To capitalize on the popularity of hockey in Philadelphia after the Flyers won their first Cup in 1974, and with the relatively new vacancy at the Philadelphia Convention Hall and Civic Center, the Firebird began to play in the 1974-75 season in the North American Hockey League (NAHL). In the three seasons they played in the NAHL they played in 222 games with a record of 123-93-6. They finished second in the league in their first and third seasons in the NAHL and finished fourth in their second season. Ironically, that second season, 1975-76, would see the Firebirds win the Lockhart Cup. After the NAHL folded. In 1977, the Firebirds moved to the AHL. They played 161 games across two seasons in the AHL with a record of 58-84-19 and only made the playoffs in their first season in the AHL losing in the first round to the Hershey Bears. They would move to Syracuse for the 1979-80 season as the Syracuse Firebirds before that team folded.

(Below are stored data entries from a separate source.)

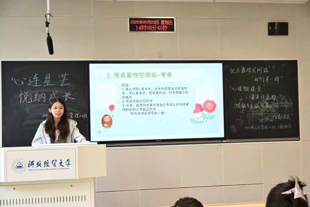 为引导学生树立积极向上的心态,促进学生的健康成长,提升班级的凝聚力与同学的归属感,5月23日下午,Beat365中文官方网站2023级工商管理2班在A205教室成功开展了“心连星芒,悦纳成长”主题心理班会,此次班会由心理委员张思盈主持,工商管理专业2班全体同学参加。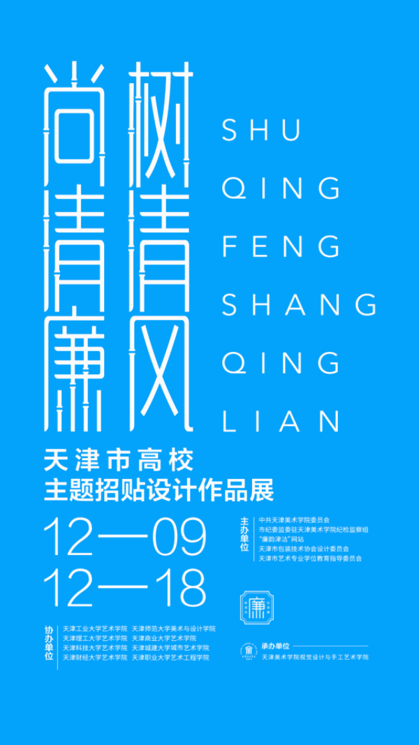 12月9日,由中共天津美术321直播 委员会、天津市纪委监委驻天津美术321直播 纪检监察组、“廉韵津沽”网站、天津市包装技术协会设计委员会、天津市艺术专业学位教育指导委员会联合主办的“树清风·尚清廉”2020年天津市高校主题招贴设计作品展览在天津美术321直播 美术馆开幕。321直播 院长王刚教授、程玲老师带领我校获奖学生参加了开幕式。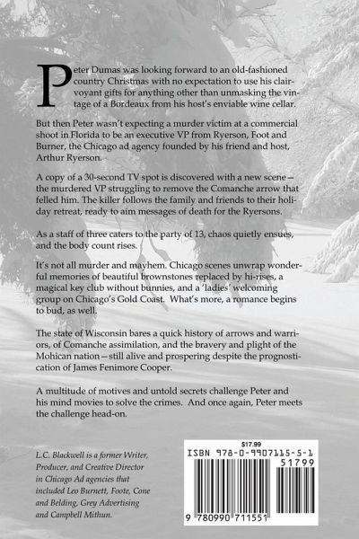 An old fashioned country Christmas is on the menu for Peter. No clairvoyance. No sinister acts. And definitely, no murder. At least that's what he expects as one of the weekend guests at the fabulous Wisconsin estate of Arthur Ryerson--that's Ryerson of the renowned RFB (Ryerson, Foot and Burner) advertising agency in Chicago. Unfortunately, murder and mayhem have a habit of following Peter Dumas. When an Executive VP is murdered in Florida at an RFB shoot for a TV spot, a copy of the commercial is discovered with a deadly new scene. Death is definitely afoot when someone takes deadly aim at the Ryerson family, as the staff caters to twelve guests and one killer. But it's not all murder and mayhem. There's a peek at Christmas in the city as Chicago scenes unwrap wonderful memories of grand greystones, a magical key club without bunnies, and a 'Ladies Welcoming Group in Chicago's Gold Coast . And what's a mystery without a bit of romance in the air? A snow-storm with the state of Wisconsin in its crosshairs hides history under a thick blanket of white; a history of arrows and warriors, Comanches and Mohicans. A multitude of motives and secrets challenge Peter to find the hate that kills. And once again, Peter meets the challenge, head-on.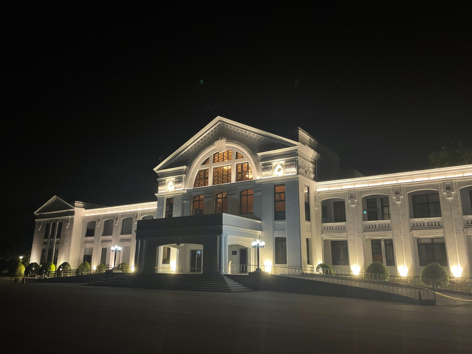 為推動區域活化並落實文化資產保存,國家發展委員會今(21)日表示,位於南投中興新村、有「小白宮」之稱的中興會堂,歷經6年規劃與修復、投入逾新台幣1億元,已於近日完工,除提升建物耐震韌性,也透過夜間光環境設計,讓歷史建築以嶄新風貌重新對外開放。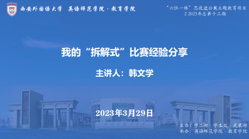 2023年3月29日19:00,西安外国语大学“六位一体”思政进公寓主题教育重点项目:“我和西外”成长故事会——校史文化公寓实践项目系列活动(第十三期)通过腾讯会议在线上成功举办。本期主讲人为英语师范学院·九州娱乐官网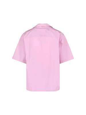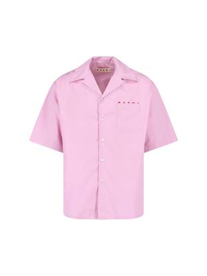Men > Clothing > Shirts Marni bowling shirt in pink cotton with a Cuban collar, short sleeves, button closure, front pocket, contrasting logo2 print on the front, and a straight hem. Composition: 100% cotton.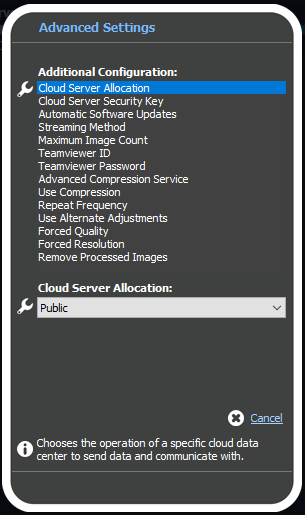 Cloud Server Security Key: Security key encryption information for assigned 'Cloud Server Allocation' setting.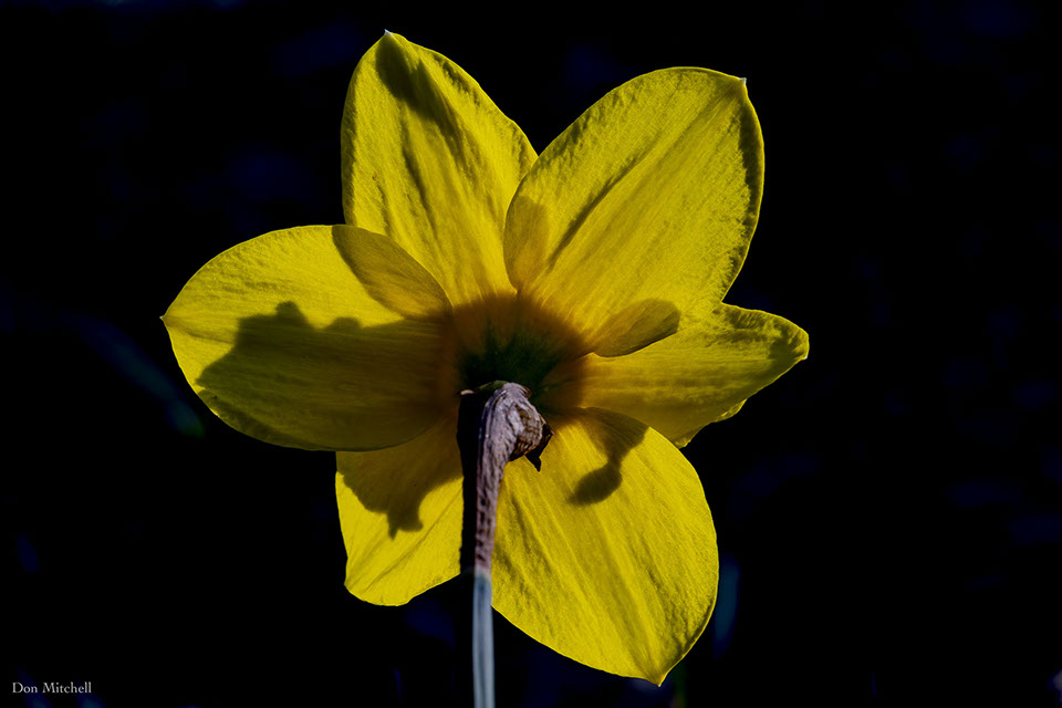 Backlit daffodil from the back.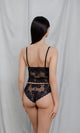 Schwarzer Schlüpfer mit Spitze und Blumendruck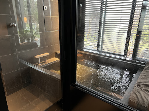 Public onset is very clean with a small locker room with a view of the forest/mountain - since each room has a private onset I only visited the public one once. The private room onset was big enough for 2 people. The hot water is continuously flowing within the onset itself and there is a dial to turn on extra cold water if needed - I thought this was a good addition to help regular the temperature a bit more. While it's in the shower room, the windows can open up which was great to also feel the cold winter air while sitting in the onsen.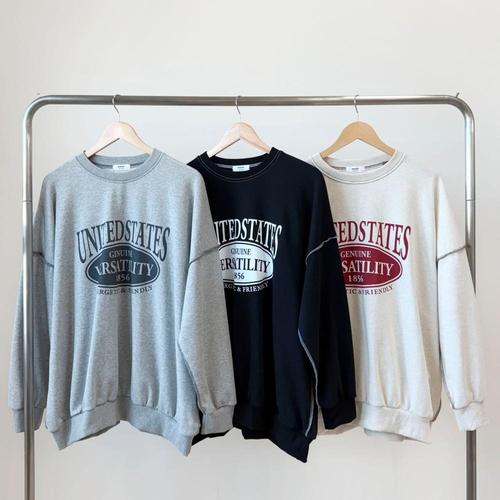 [옷자락] 남녀 공용 아웃스티치 프린트 오버사이즈 봄철 긴팔 티셔츠 맨투맨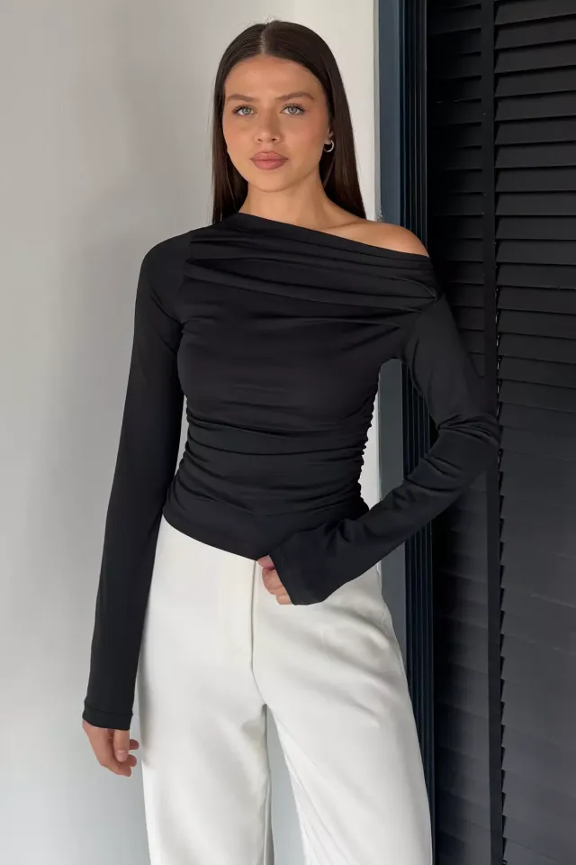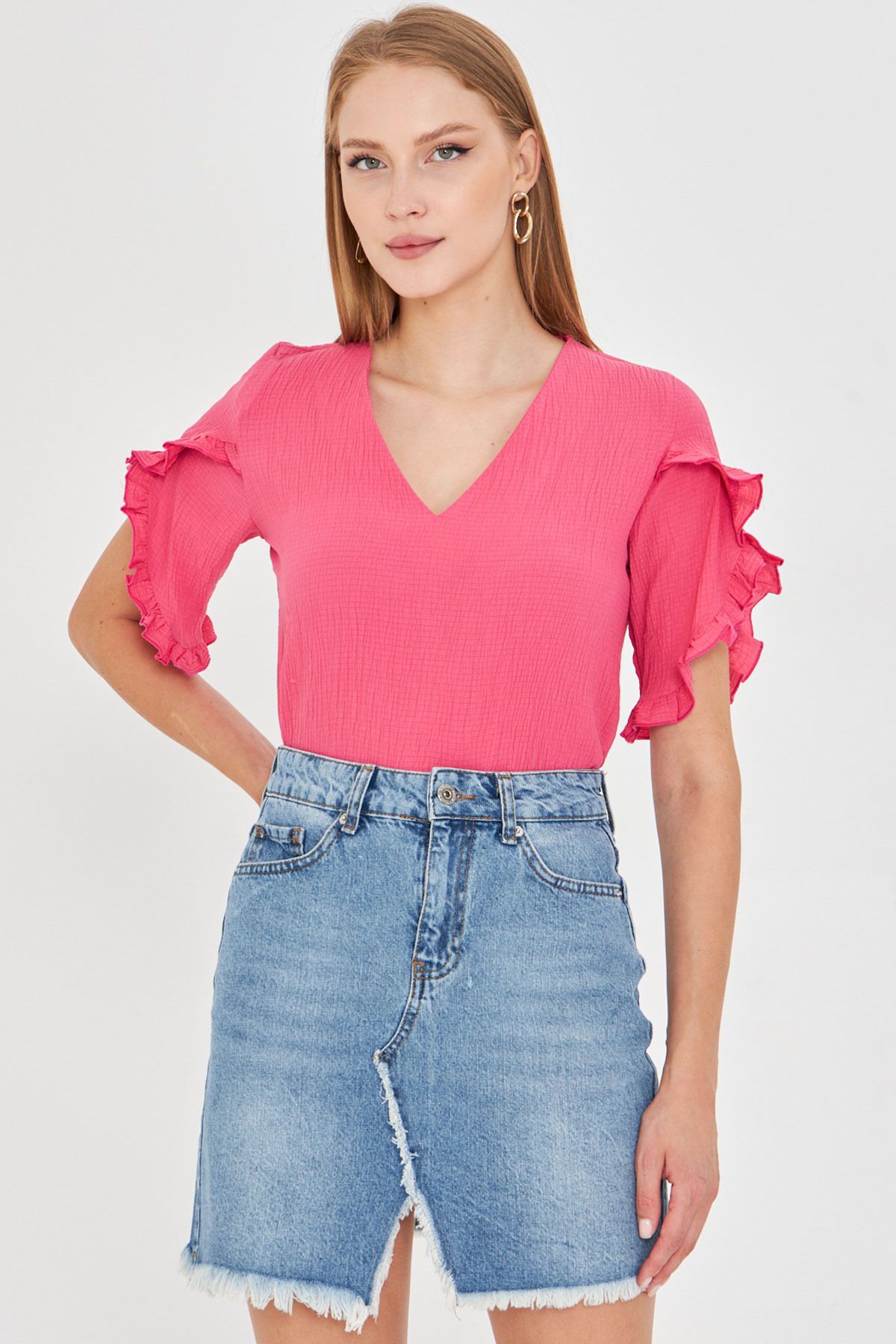 بلوزة بياقة V من الامام والخلف مع ربطة في الظهر تعطي لوك انيق وناعم بستايل عصري مناسب للاطلالات اليومية.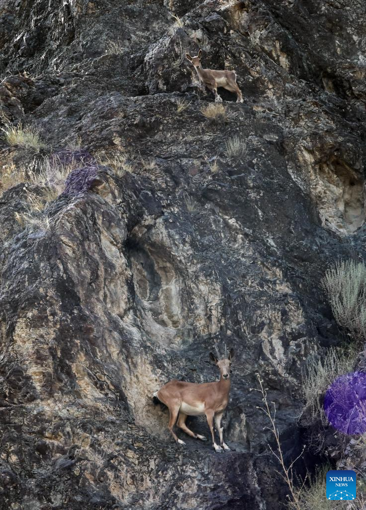 Antelopes are pictured at a scenic spot in Wusu City, northwest China's Xinjiang Uygur Autonomous Region, July 29, 2025. In recent days, multiple areas in Xinjiang have experienced sustained high temperatures, prompting residents and tourists to seek relief in cooler scenic spots.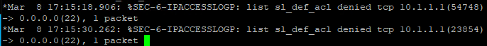 자동으로 설정된 ACL의 설정의 log로 인해서 다음과 같이 차단 로그가 뜨는 것을 확인 할 수 있습니다.
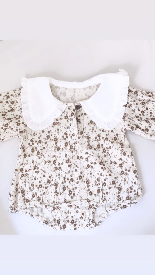 Bloomer bébé fille en coton et lin bleu et son bandeau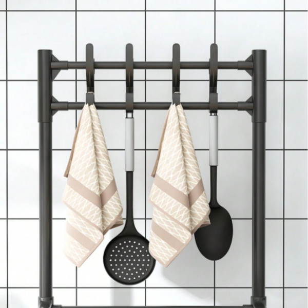 Pe partea superioară, organizatorul este dotat cu un suport de prosoape cu cârlige robuste, perfecte pentru agățarea prosoapelor de mâini, a bureților de baie sau a altor accesorii. Acest detaliu adaugă un plus de funcționalitate și permite păstrarea articolelor necesare la îndemână și bine aerisite, reducând riscul de mucegai.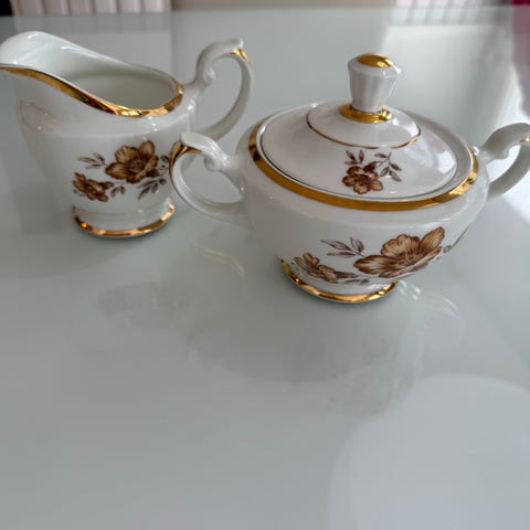Hyväkuntoiset ruskeat kultaukset, kruunu-leima, käsittääkseni 1960-luvulta, mahdollisesti jo aikaisemmin. Myydään tarpeettomana. Sokerikossakin kansi mukana.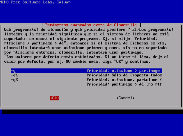 A partir de este instante, el asistente de creación de imagen de CloneZilla, nos solicitara parámetros relacionados con las configuraciones de clonación deseadas; en la ventana de la imagen inferior podremos especificar el programa de clonación y su prioridad, dejando en nuestro caso seleccionada la opción "-q" que por defecto nos ofrecerá el asistente, para pulsar en ella directamente sobre la tecla "Enter".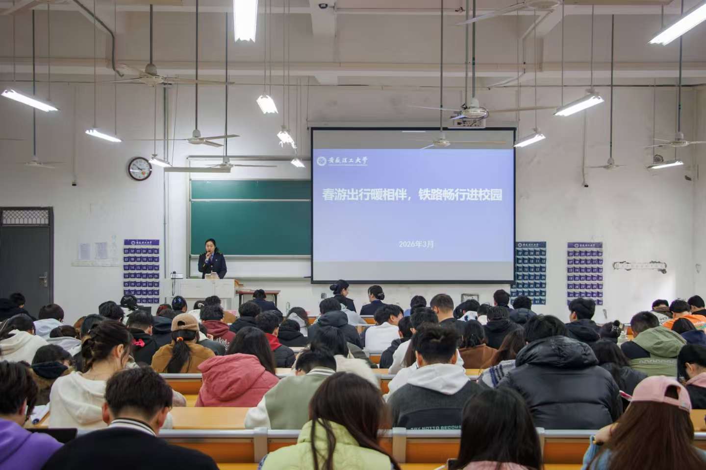 宣讲环节中,高铁站工作人员唐怿、李娟围绕清明车次调整、学生票核验、12306购票技巧等学生关注的内容进行细致讲解,并结合典型案例普及站台安全、违禁品规定及出行防诈骗知识。现场还设置了互动问答与趣味抢答环节,同学们踊跃参与,在轻松氛围中掌握了实用信息。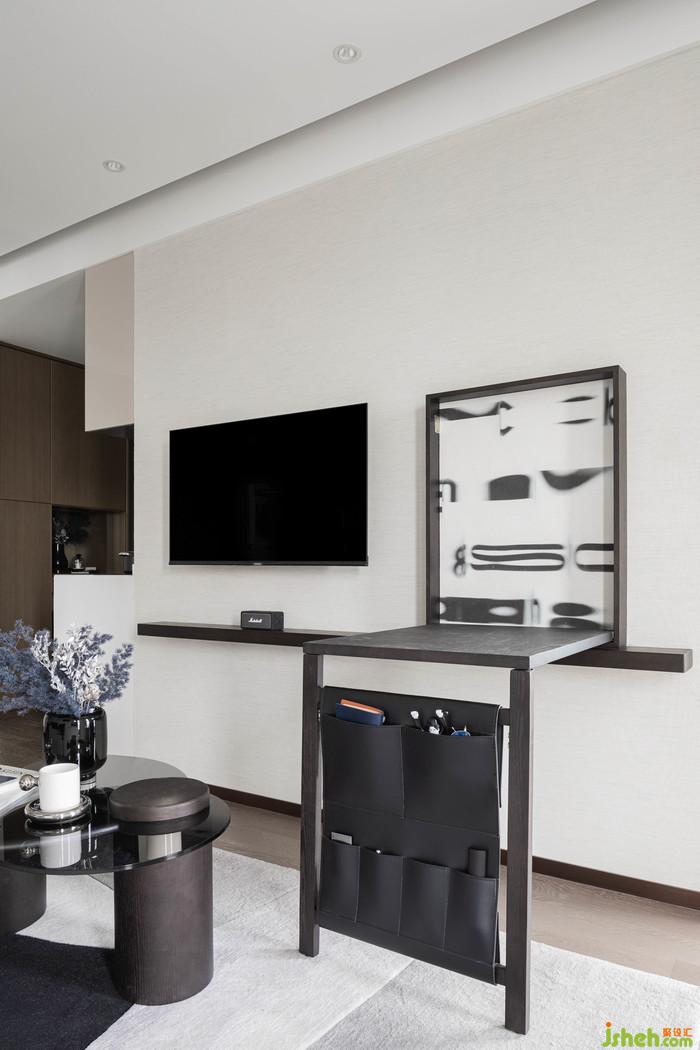 客廳丨功能的應(yīng)用同樣在客廳的區(qū)域里創(chuàng)意盡顯,組合的體塊、視覺的秩序、對比的色度和變換的尺度,模糊了閱讀區(qū)與客廳空間的界限,一張隱藏式的折疊桌幾,讓生活的樂趣無限,如同享受一場突破次元壁的實(shí)驗(yàn)。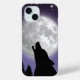 Phone case with a wolf howling at the full moon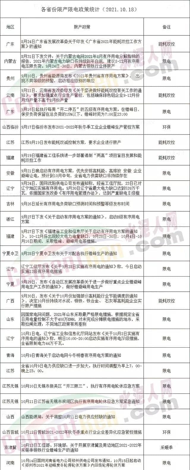 11月3日,安徽省發(fā)布《“兩高”重點(diǎn)企業(yè)2021年內(nèi)用能(電)管控計(jì)劃》要求相關(guān)主管部門(mén)做好超計(jì)劃用能(電)企業(yè)限電工作。文件附件各市“兩高”重點(diǎn)企業(yè)名單中包括海螺水泥、南方水泥、中材水泥、天瑞水泥、上峰水泥、磊達(dá)水泥等近百家水泥及混凝土生產(chǎn)企業(yè)。存量“兩高”問(wèn)題項(xiàng)目梳理排查表中包含海螺水泥、南方水泥、鐵鵬水泥、眾城水泥等多個(gè)項(xiàng)目。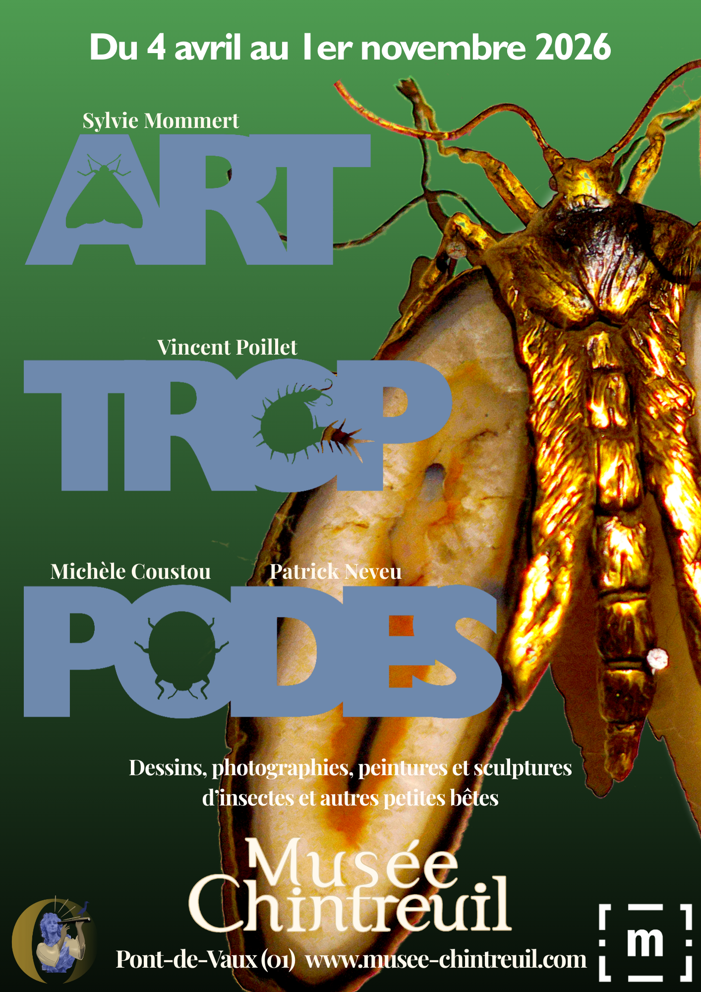 Cette exposition associe quatre fervents défenseurs de la beauté des arthropodes, en particulier des insectes, que nous trouvons sur notre territoire : Sylvie Mommert, Michelle Coustou, Patrick Neveu et Vincent Poillet. La démarche choisie est plus esthétique que pédagogique. Chacun à leur façon, ils nous permettent de découvrir à quel point la nature qui nous environne recèle de beauté. Capter et transcrire cette splendeur invisible par le dessin, la peinture, la photographie ou l’orfèvrerie, c’est offrir la possibilité de faire évoluer notre regard sur ce monde fascinant, « utile » à l’homme et fragile.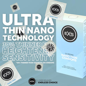 Experience intimacy like never before with EXS Nano Thin Condoms, where thinness meets uncompromising protection for an unforgettable encounter.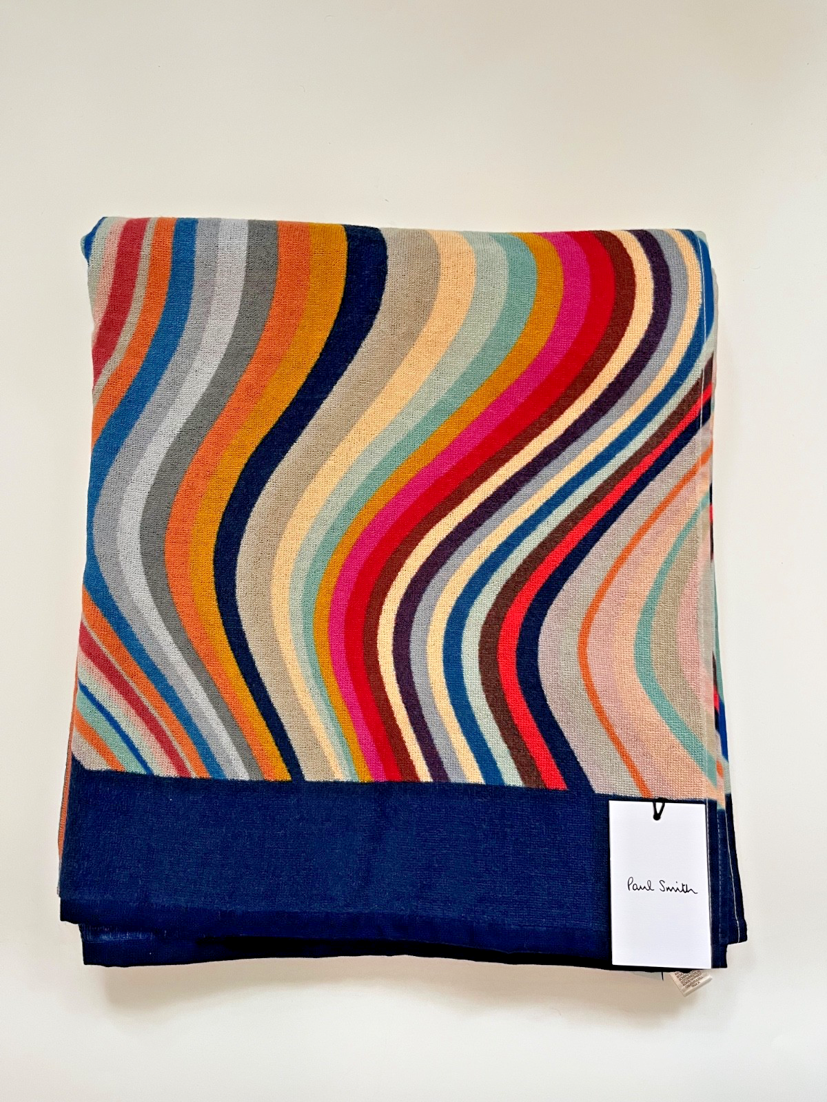 Paul Smith Signature Stripe Swirl Beach Towel 100% Cotton Navy Blue Pool Holiday

After the Flyers left the Spectrum for the CoreStates Center in 1996, a vacancy was left. That would be filled by the Philadelphia Phantoms. With only a parking lot separating the two teams, they would be one of, if not, the closest major and minor league teams in North American sports. In the 13 seasons they played in Philadelphia, the Phantoms had a record of 586-371-65-42 (W-L-T-OTL) in 1,040 games. They would win the Calder Cup in 1998 and then again in 2005, with the help of young players that would be in the NHL had there not been a lockout, such as Jeff Carter and Mike Richards, the prized first-rounders from the 2003 NHL Draft, along with other notable Flyers prospects Patrick Sharp, RJ Umberger, Antero Niittymaki, Joni Pitkanen (who wasn’t exactly a rookie then), Dennis Seidenberg, Neil Little, and Riley Cote. The Phantoms would do quite well, finishing first in their division four times and four more finishes in the top three. Comcast Spectacor sold the team to Brooks Group due to the eventual demolition of the Spectrum. The Phantoms would move to Glenn Falls, NY, and become the Adirondak Phantoms before moving to Allentown, PA to become the Lehigh Valley Phantoms, which was the intent of the Brooks Group when they purchased the team. Aside from the players on that 2004-05 team, other notable players from the Phantoms include Claude Giroux, Pat Maroon, Brian Boucher, Roman Cechmanek, Micheal Leighton, Steve Downie, Rusland Fedetenko, Jim Montgomery, Vinny Prospal, Lucas Sbisa, and Jon Stevens.